Case	Air Fuel Ratio Sensor (Sensor 1) Output Voltage	Heated Oxygen Sensor (Sensor 2) Output Voltage	Main Suspected Trouble Area
1	Courtesy of © TOYOTA, LICENSE AGREEMENT TMS1002	Courtesy of © TOYOTA, LICENSE AGREEMENT TMS1002	-
2	Courtesy of © TOYOTA, LICENSE AGREEMENT TMS1002	Courtesy of © TOYOTA, LICENSE AGREEMENT TMS1002	A/F sensor A/F sensor heater A/F sensor circuit
3	Courtesy of © TOYOTA, LICENSE AGREEMENT TMS1002	Courtesy of © TOYOTA, LICENSE AGREEMENT TMS1002	HO2 sensor HO2 sensor heater HO2 sensor circuit
4	Courtesy of © TOYOTA, LICENSE AGREEMENT TMS1002	Courtesy of © TOYOTA, LICENSE AGREEMENT TMS1002	Injector Fuel pressure Gas leak from exhaust system (Air fuel ratio extremely rich or lean)
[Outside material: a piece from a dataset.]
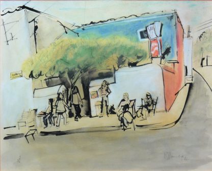 0418-Antonio Villanueva, Straßencafé, Aquarell von 1982, gerahmt
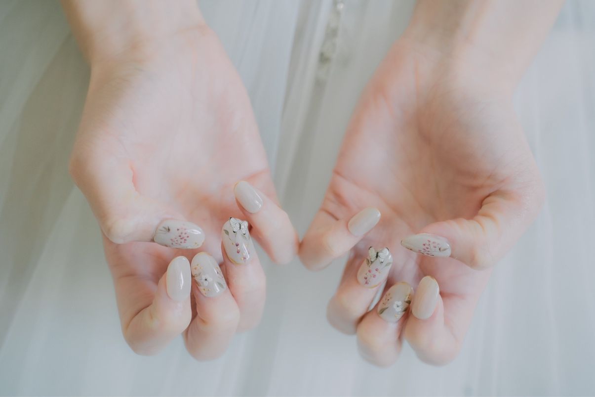 ネイルチップをcreemaというサイトで手作り作家さんから購入しました。薄いくすみピンクに草花と蝶がデザインされていてとても可愛いかったです。

• Following the Control the Injection Volume for A/F Sensor procedure enables technicians to check and graph the voltage outputs of both the A/F and HO2 sensors.
• To display the graph, enter the following menus: Powertrain/Engine and ECT/Active Test/Control the Injection Volume for A/F Sensor/A/F Control System/AFS B1 S1 and O2S B1 S2 or AFS B2 S1 and O2S B2 S2 then press the graph button on the Data List view.

HINT:

• DTC P2A00 may be also set when the air-fuel ratio is stuck at rich or lean.
• A low A/F sensor voltage could be caused by a rich air-fuel mixture. Check for conditions that would cause the engine to run rich.
• A high A/F sensor voltage could be caused by a lean air-fuel mixture. Check for conditions that would cause the engine to run lean.
• Read freeze frame data using the Techstream. The ECM records vehicle and driving condition information as freeze frame data the moment a DTC is stored. When troubleshooting, freeze frame data can be helpful in determining whether the vehicle was running or stopped, whether the engine was warmed up or not, whether the air-fuel ratio was lean or rich, as well as other data recorded at the time of a malfunction.

1. CHECK ANY OTHER DTCS OUTPUT (IN ADDITION TO DTC P2A00) 
   1. Connect the Techstream to the DLC3.
   2. Turn the ignition switch to the ON position.
   3. Turn the Techstream on.
   4. Enter the following menus: Powertrain/Engine and ECT/Trouble Codes.
   5. Read the DTCs.

      Result 

      RESULT CHART
      
      

      Display (DTC Output)	Proceed to
      P2A00	A
      P2A00 and other DTCs	B

      HINT:

      If any DTCs other than P2A00 are output, troubleshoot those DTCs first.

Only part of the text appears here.